> PROVIDED RECORDS
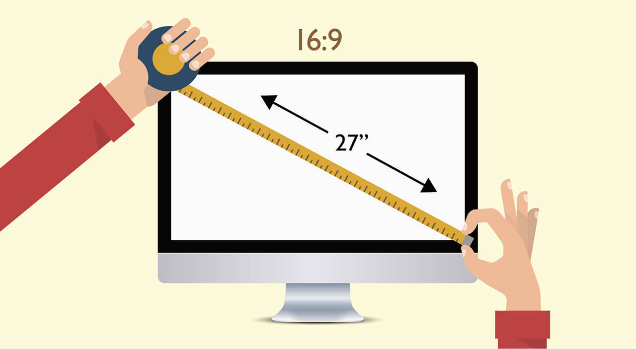Als u online een E-commerceplatform bekijkt, of een elektronicawinkel bezoekt, zult u direct opmerken dat monitors verschillende maten hebben. De cijfers 23-, 24-, 27-, 28- en 29-inch komen u tegemoet. Maar wat betekenen deze cijfers? Monitorformaat is een weergave van de afmetingen van een monitor, en dit wordt meestal gemeten in inches. Het formaat van een monitor is de diagonale lengte van het weergavegedeelte en kan worden omgezet van centimeter naar inches (1 in = 2,54 cm). Op dit moment zijn grote monitors met een breed formaat de trend in de markt (m.a.w. 27-inch monitors; 16:9). Naast het feit dat deze meer schermruimte bieden, kunnen grote monitors met een breed formaat meer detail weergeven. Dit is vooral belangrijk voor fotografen, die regelmatig afbeeldingen aanpassen. Daarnaast bieden deze monitors meer ruimte voor meer vensters en taakbalken als er gebruik wordt gemaakt van software zoals Photoshop, Lightroom, VEGAS en iMovie. Hierdoor kan dus efficiënter worden gewerkt.
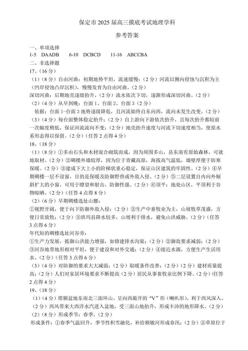 河北省保定市2025届高三摸底考试(保定一模)地理答案
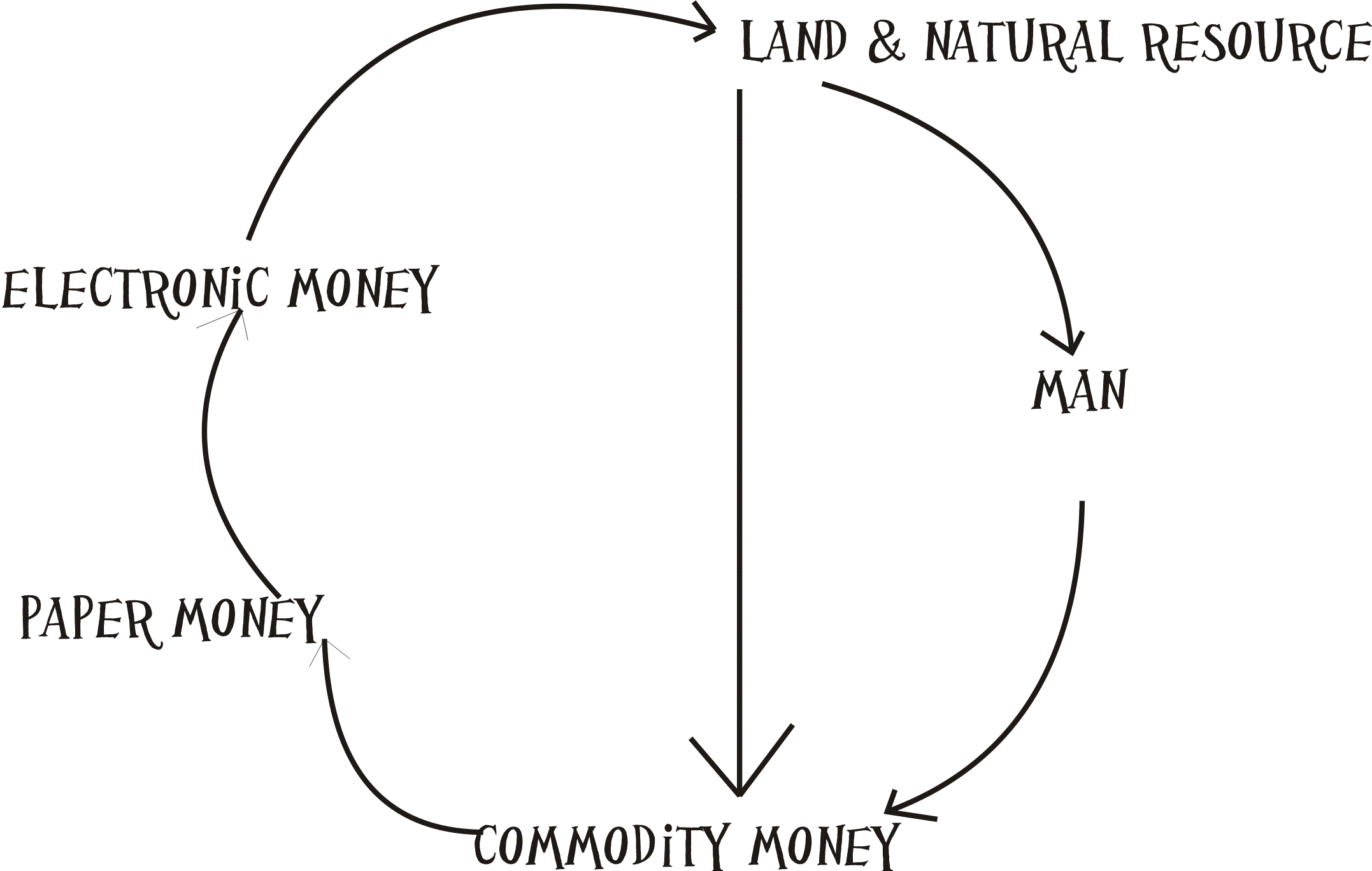 No prosperity can be sustained without the Land and the resources it provides. Better and easier ways of production and enrichment can be developed from the land and products of land use but all can be traced back to the land as seen in this diagram from the Book “The Right of be wrong; humanities only plea and the key to Revival”.
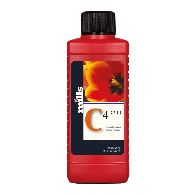 Mills C4 es un sofisticado estimulante de floración compuesto por macro y micronutrientes, bioestimuladores, carbohidratos y oligoelementos que nos garantizan una producción masiva de flores y frutos.
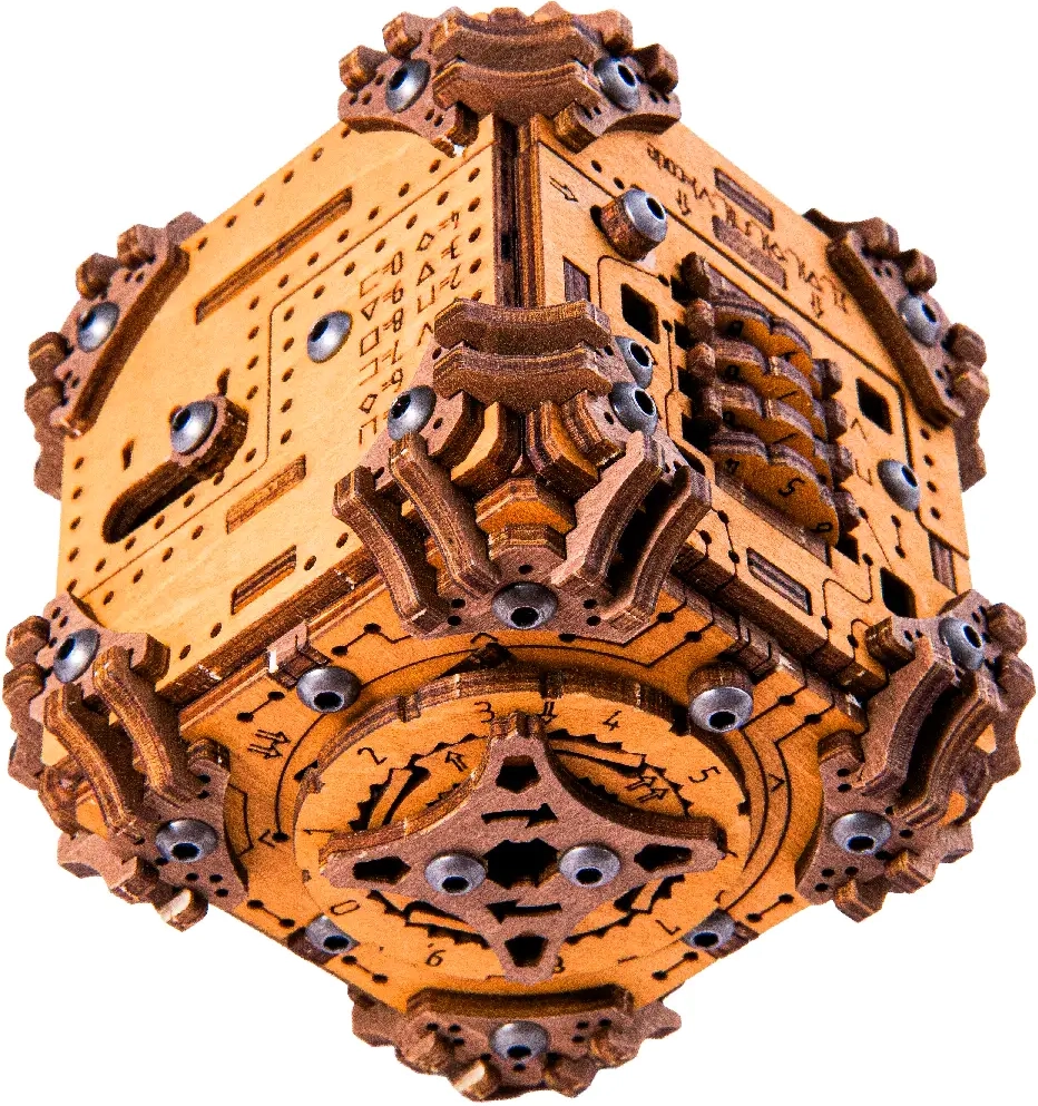 Le puzzle 3D en bois Tesserakt est à la fois un défi esthétique et logique. Assemblez le cube mécanique à partir de 195 pièces découpées avec précision et partez à la découverte de ses mécanismes secrets. Aucune force – seulement de la finesse et des étapes réfléchies – ne vous mèneront à l’ouverture de la cachette dissimulée.
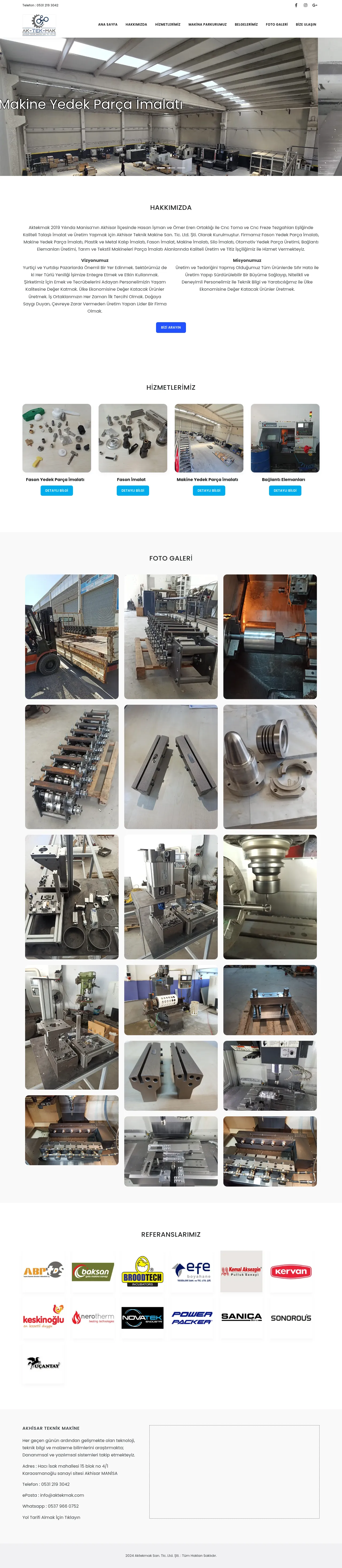 Akhisar Teknik Makine is a precision manufacturing company established in 2019 in Akhisar, Manisa. The firm specializes in high-quality chip machining, utilizing CNC turning and milling technologies to produce components for various industrial sectors. Their service portfolio includes custom spare part manufacturing, plastic and metal mold production, and the fabrication of silo and agricultural machinery parts. Committed to a zero-error production policy, the company integrates modern manufacturing techniques and software to ensure sustainable growth. They serve a diverse range of industries including automotive, textiles, and agriculture while focusing on high-precision output and technical craftsmanship.
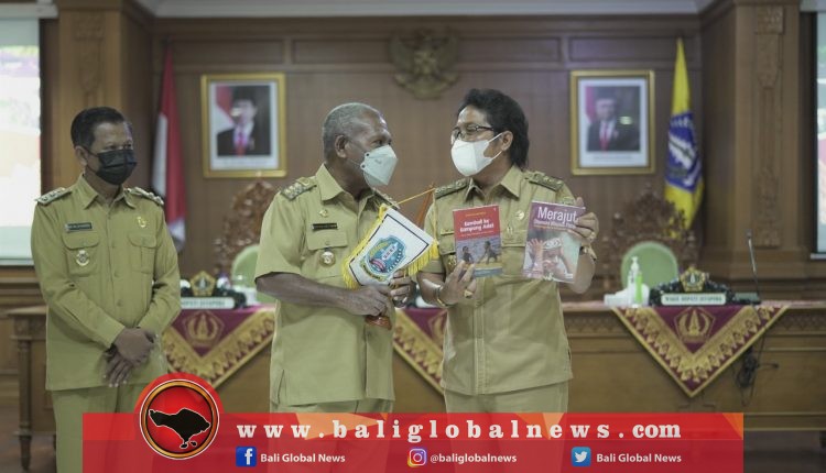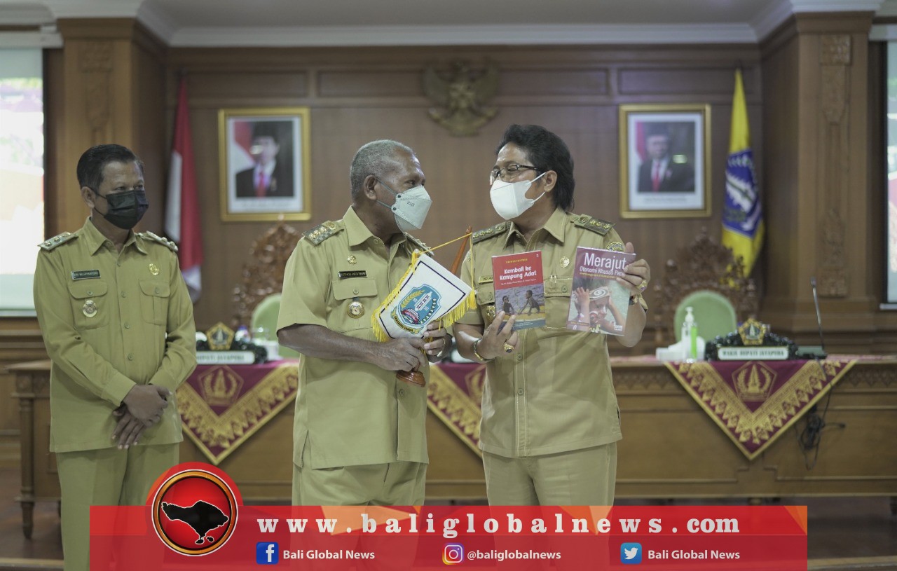 Bupati Badung, I Nyoman Giri Prasta, menerima kunjungan kaji banding Bupati Kabupaten Jayapura Provinsi Papua, Mathius Awoitauw dan Wakil Bupati Giri Wijayantoro beserta jajaran terkait Penyempurnaan Penyusunan Rancangan Peraturan Daerah (Raperda) tentang Retribusi Persetujuan Bangunan Gedung di Ruang Kriya Gosana, Puspem Badung, pada Senin (18/4).
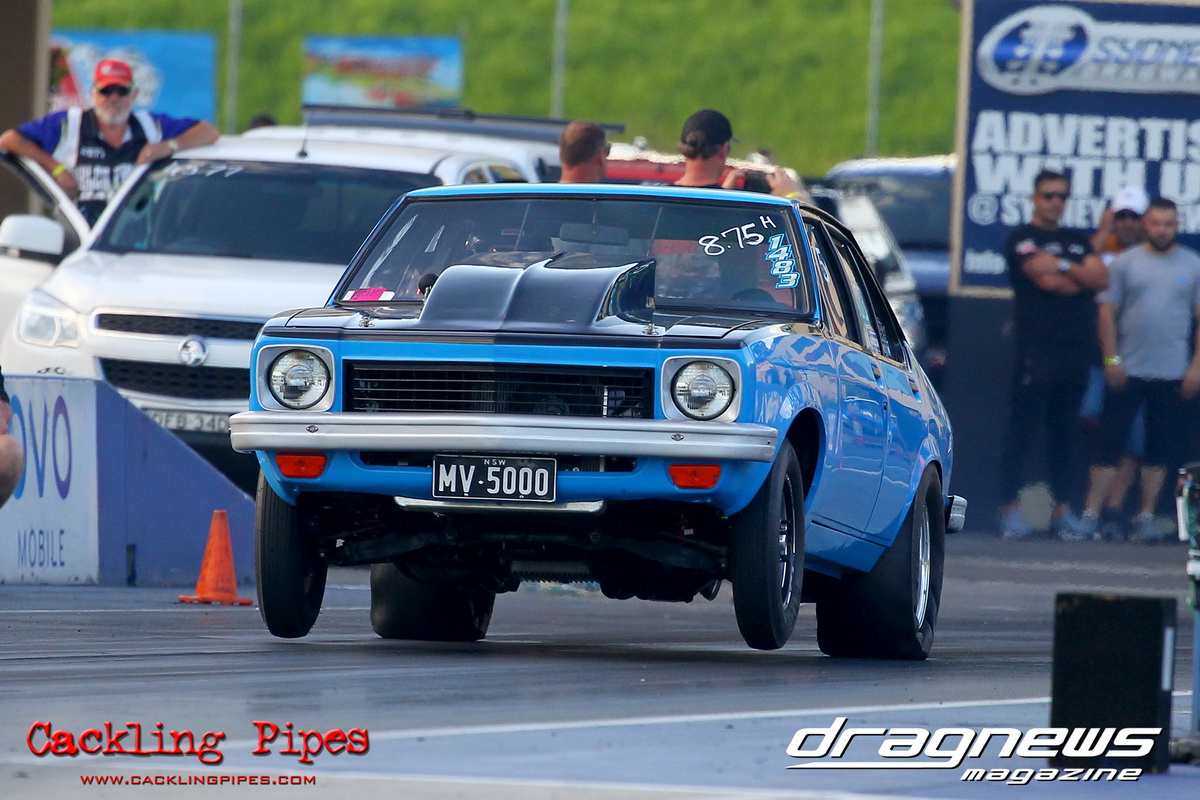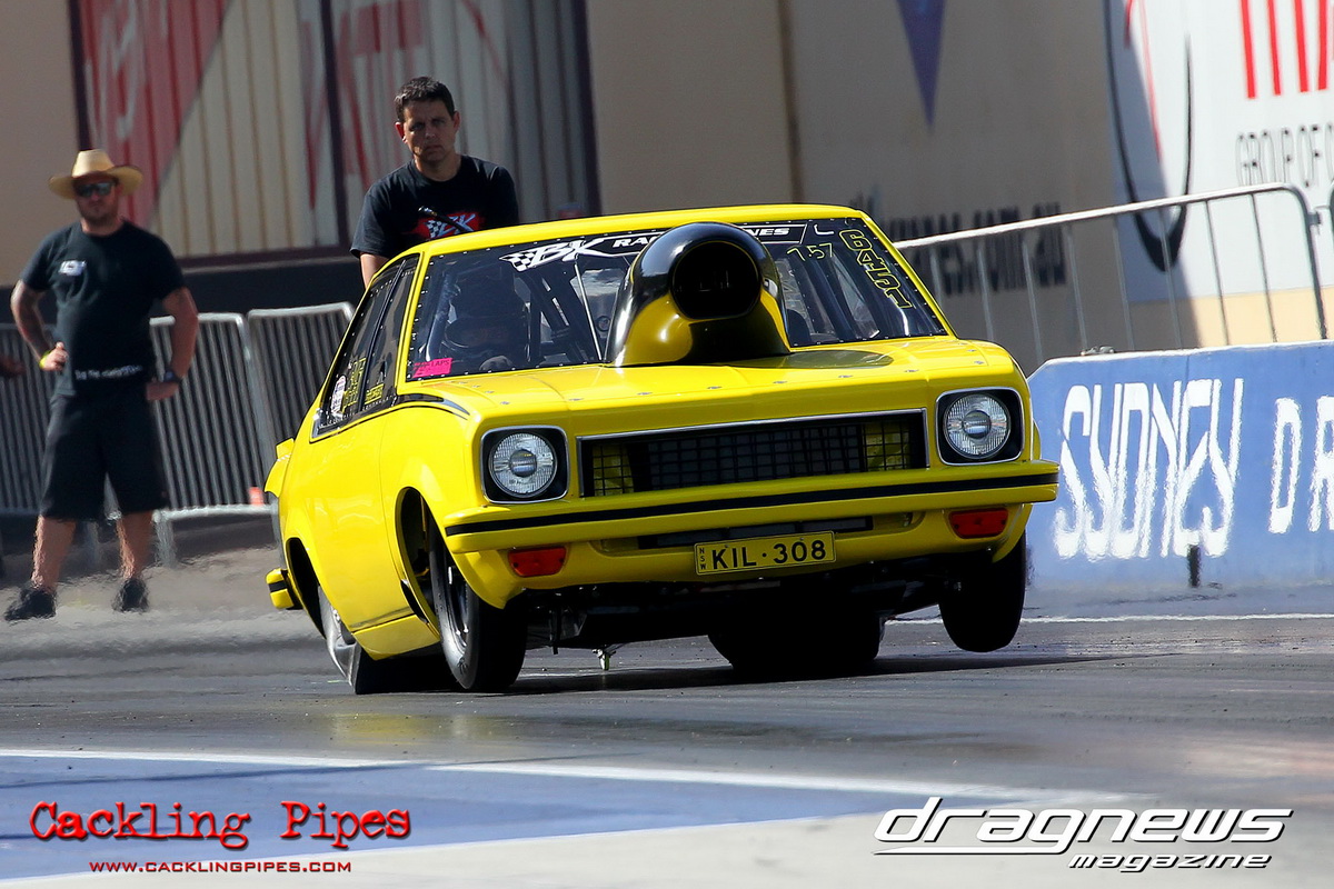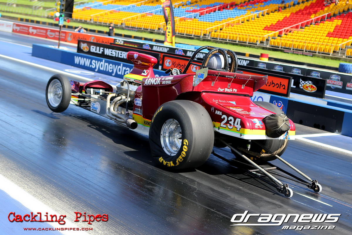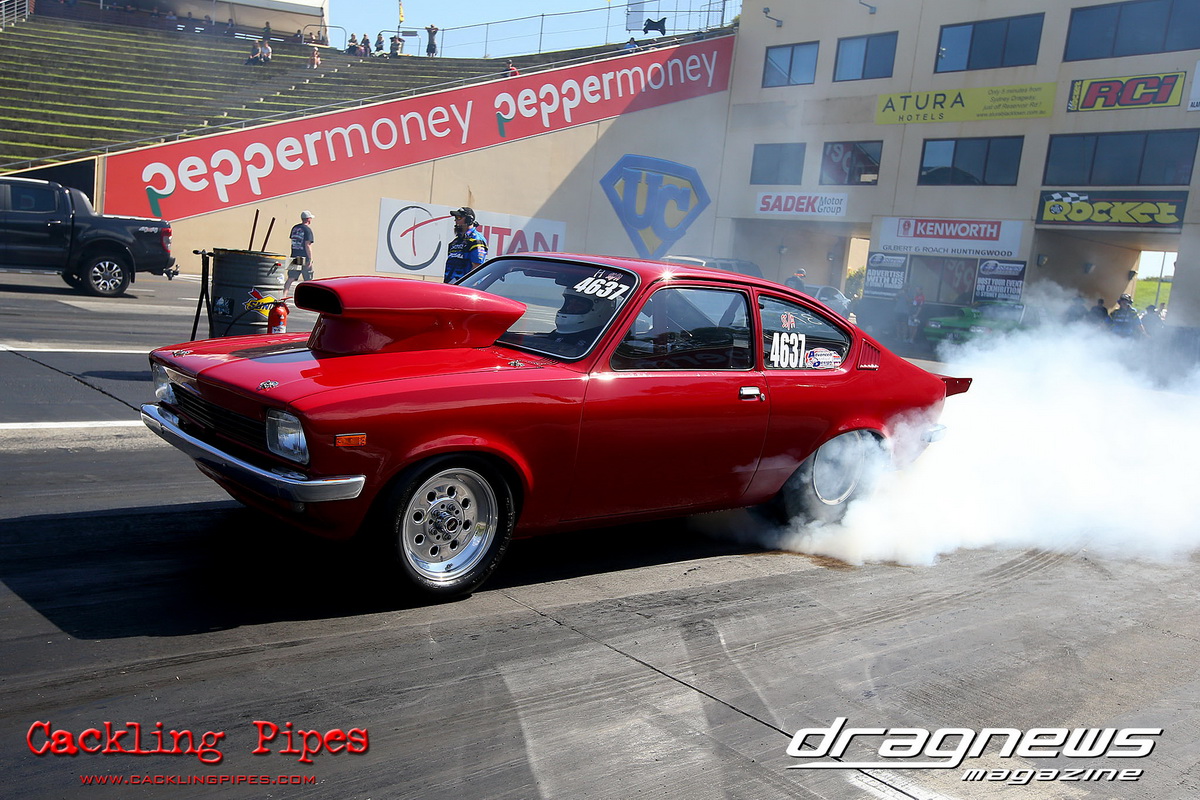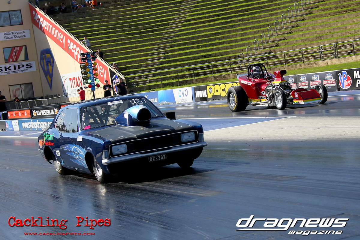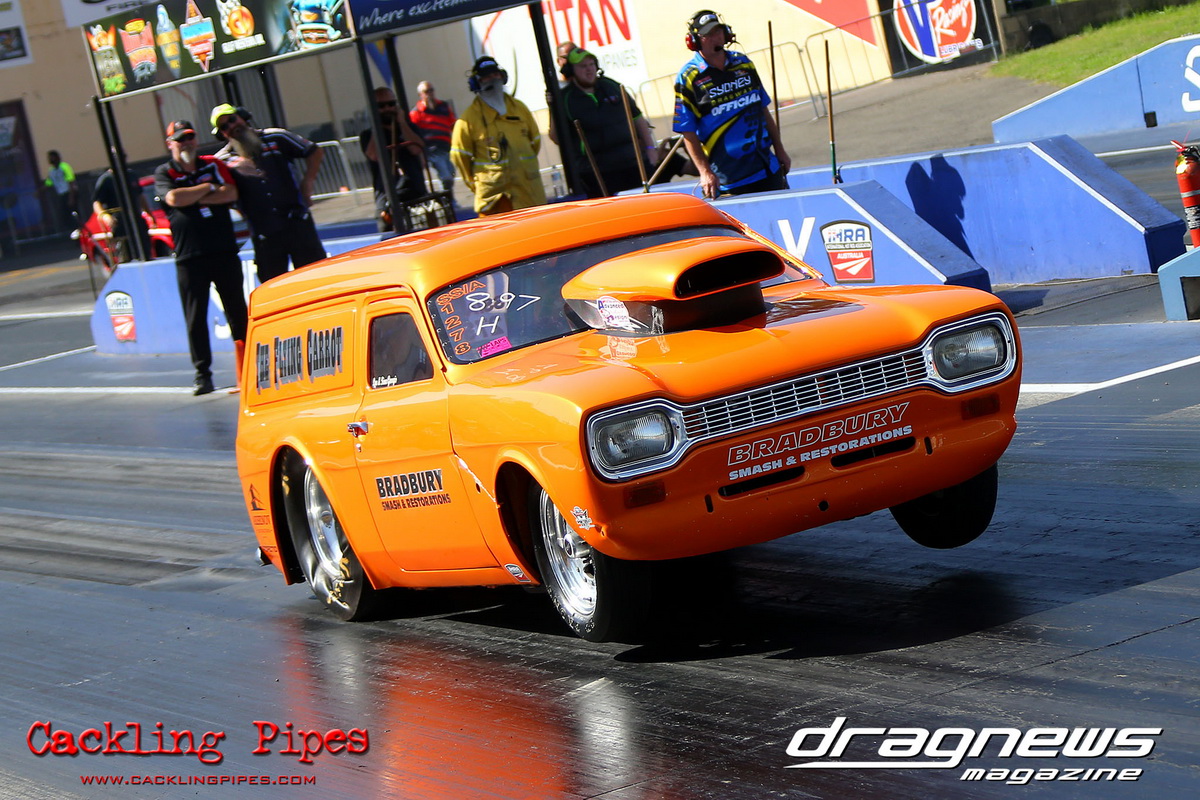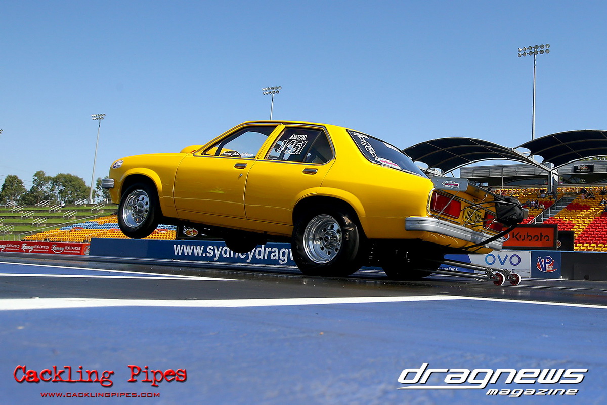 Tyre shake dogged Plumpton, going down to Davies’ 5.95 in a classic Pro Mod match up. Tsakiridis again hit 271mph backed by a 5.75 ET to defeat Michael Haimandos’s twin turbo small block Mustang’s 6.47. George Rehayem notched a win against Joseph Murina’s blown Corvette with a 6.44. Spinozzi and Brett Gillespie in the revamped ’34 Chev had singles.

> WHAT IS BEING ASKED
The entire listing above, word for word and without pictures, is what should be output.

> RESPONSE
Als u online een E-commerceplatform bekijkt, of een elektronicawinkel bezoekt, zult u direct opmerken dat monitors verschillende maten hebben. De cijfers 23-, 24-, 27-, 28- en 29-inch komen u tegemoet. Maar wat betekenen deze cijfers? Monitorformaat is een weergave van de afmetingen van een monitor, en dit wordt meestal gemeten in inches. Het formaat van een monitor is de diagonale lengte van het weergavegedeelte en kan worden omgezet van centimeter naar inches (1 in = 2,54 cm). Op dit moment zijn grote monitors met een breed formaat de trend in de markt (m.a.w. 27-inch monitors; 16:9). Naast het feit dat deze meer schermruimte bieden, kunnen grote monitors met een breed formaat meer detail weergeven. Dit is vooral belangrijk voor fotografen, die regelmatig afbeeldingen aanpassen. Daarnaast bieden deze monitors meer ruimte voor meer vensters en taakbalken als er gebruik wordt gemaakt van software zoals Photoshop, Lightroom, VEGAS en iMovie. Hierdoor kan dus efficiënter worden gewerkt.
 河北省保定市2025届高三摸底考试(保定一模)地理答案
 No prosperity can be sustained without the Land and the resources it provides. Better and easier ways of production and enrichment can be developed from the land and products of land use but all can be traced back to the land as seen in this diagram from the Book “The Right of be wrong; humanities only plea and the key to Revival”.
 Mills C4 es un sofisticado estimulante de floración compuesto por macro y micronutrientes, bioestimuladores, carbohidratos y oligoelementos que nos garantizan una producción masiva de flores y frutos.
 Le puzzle 3D en bois Tesserakt est à la fois un défi esthétique et logique. Assemblez le cube mécanique à partir de 195 pièces découpées avec précision et partez à la découverte de ses mécanismes secrets. Aucune force – seulement de la finesse et des étapes réfléchies – ne vous mèneront à l’ouverture de la cachette dissimulée.
 Akhisar Teknik Makine is a precision manufacturing company established in 2019 in Akhisar, Manisa. The firm specializes in high-quality chip machining, utilizing CNC turning and milling technologies to produce components for various industrial sectors. Their service portfolio includes custom spare part manufacturing, plastic and metal mold production, and the fabrication of silo and agricultural machinery parts. Committed to a zero-error production policy, the company integrates modern manufacturing techniques and software to ensure sustainable growth. They serve a diverse range of industries including automotive, textiles, and agriculture while focusing on high-precision output and technical craftsmanship.
 Bupati Badung, I Nyoman Giri Prasta, menerima kunjungan kaji banding Bupati Kabupaten Jayapura Provinsi Papua, Mathius Awoitauw dan Wakil Bupati Giri Wijayantoro beserta jajaran terkait Penyempurnaan Penyusunan Rancangan Peraturan Daerah (Raperda) tentang Retribusi Persetujuan Bangunan Gedung di Ruang Kriya Gosana, Puspem Badung, pada Senin (18/4).
 Tyre shake dogged Plumpton, going down to Davies’ 5.95 in a classic Pro Mod match up. Tsakiridis again hit 271mph backed by a 5.75 ET to defeat Michael Haimandos’s twin turbo small block Mustang’s 6.47. George Rehayem notched a win against Joseph Murina’s blown Corvette with a 6.44. Spinozzi and Brett Gillespie in the revamped ’34 Chev had singles.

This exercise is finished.